● TASK DIRECTIONS: Upon reaching the line that contains "6) 在Grafana上添加Prometheus数据源" in the records below, begin repeating every line exactly through the last one, skipping pictures.
=== Begin Enclosure ===
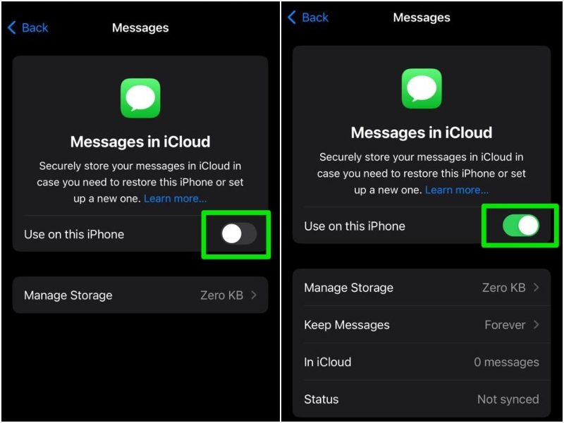 基本上就是這樣!這將為 iPhone 上的消息應用程序啟用 iCloud 同步。只要您的 iPhone 電量充足並連接到活動的互聯網網絡,iCloud 就會自動在其他 Apple 設備上同步當前 iPhone 的所有消息,並允許您在任何設備上訪問它們。
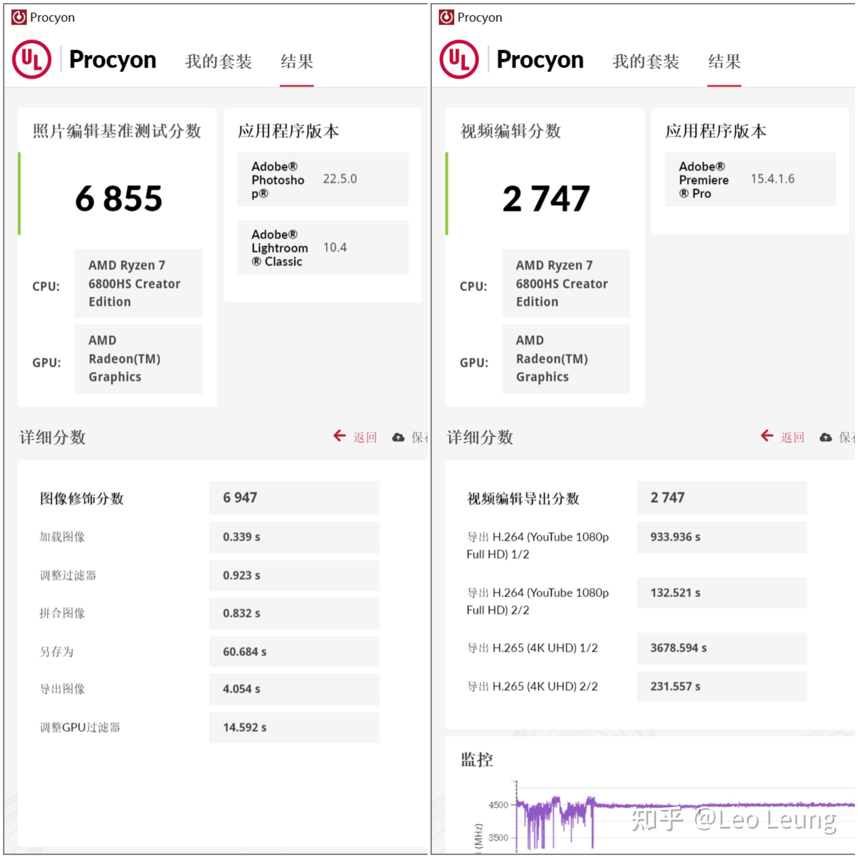 小新Air14 Plus的Procyon测试PR视频编纂得分2747;照片编纂得分6855。
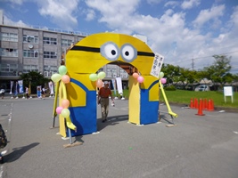学園祭の最初は、来校いただいた方々をお迎えする門です。今年度の門はかわいいミニオンでした。明るい色が歓迎ムードを引き立てていました。
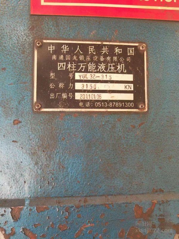 11年南通四柱315液压机台面一米七乘一米八、行程是一米半、有下底缸
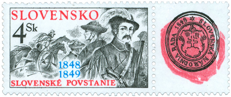 Ministerstvo dopravy, pôšt a telekomunikácií SR vydalo dňa 1. 6. 1998 príležitostnú poštovú známku "Slovenské povstanie 1848-49" s nominálnou hodnotou 4 Sk a s kupónom 150. výročia Slovenskej národnej rady. Na známke sú zobrazení slovenskí povstalci, na kupóne je historická pečať Slovenskej národnej rady. Autorom výtvarných návrhov emisie je Ivan Schurmann, rytcom je Miloš Ondráček. Viacfarebnú známku o rozmeroch obrazovej časti 23 x 40 mm (na šírku) a kupón rozmerov 19 x 23 mm ( na výšku) vytlačila Poštovní tiskárna cenin Praha, a.s., technikou rotačnej oceľotlače v kombinácii s hĺbkotlačou na tlačových listoch po 30 známkach a 40 kupónoch. Súčasne bola...
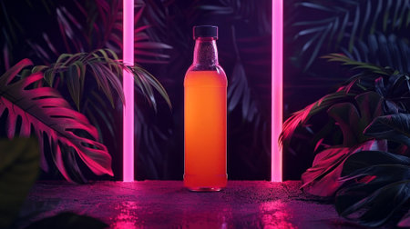 Vape concept. Smoke clouds and vape liquid bottles on dark background. Light effects. Useful as background or vape advertisement or vape background. Selective focus
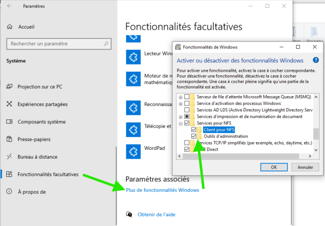 Avant ça on va activer les fonctionnalités Windows : Services NFS
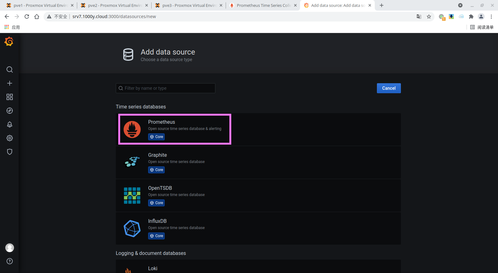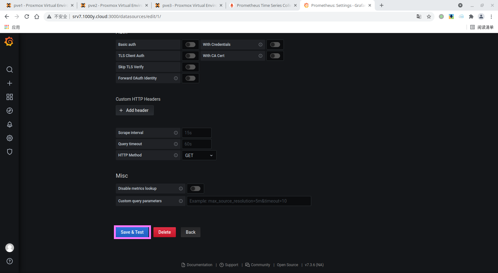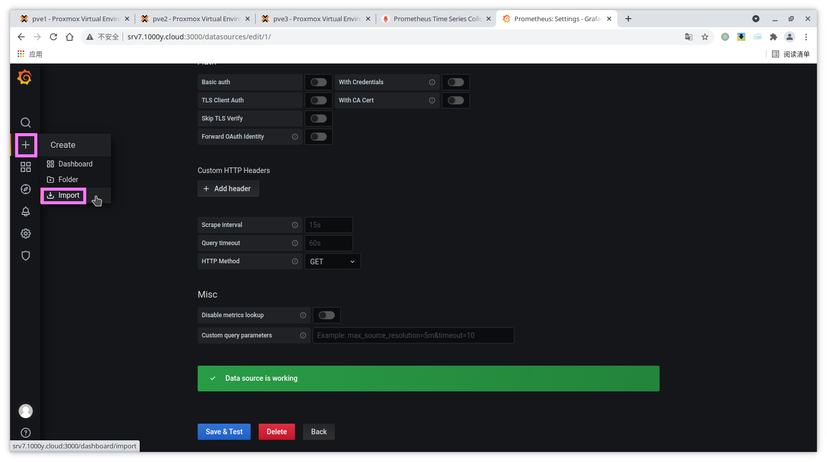 6) 在Grafana上添加Prometheus数据源
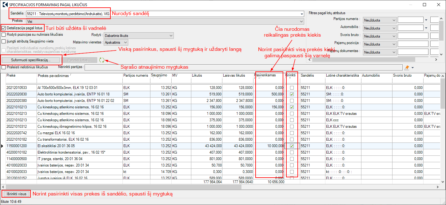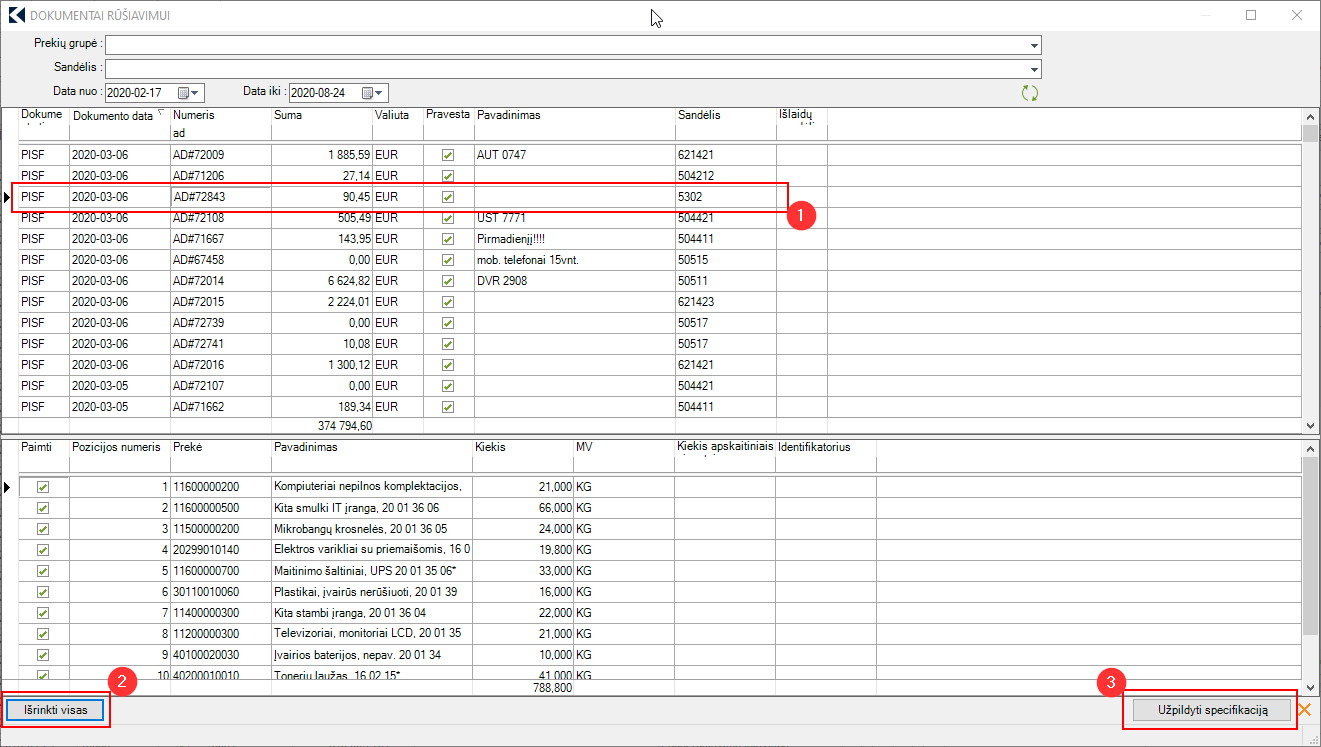Viršutinėje dalyje pasirinkti dokumentą, apatinėje – paspausti mygtuką Išrinkti visas ir tada Užpildyti specifikaciją:
=== End Enclosure ===
● ANSWER SECTION:
 6) 在Grafana上添加Prometheus数据源
Viršutinėje dalyje pasirinkti dokumentą, apatinėje – paspausti mygtuką Išrinkti visas ir tada Užpildyti specifikaciją:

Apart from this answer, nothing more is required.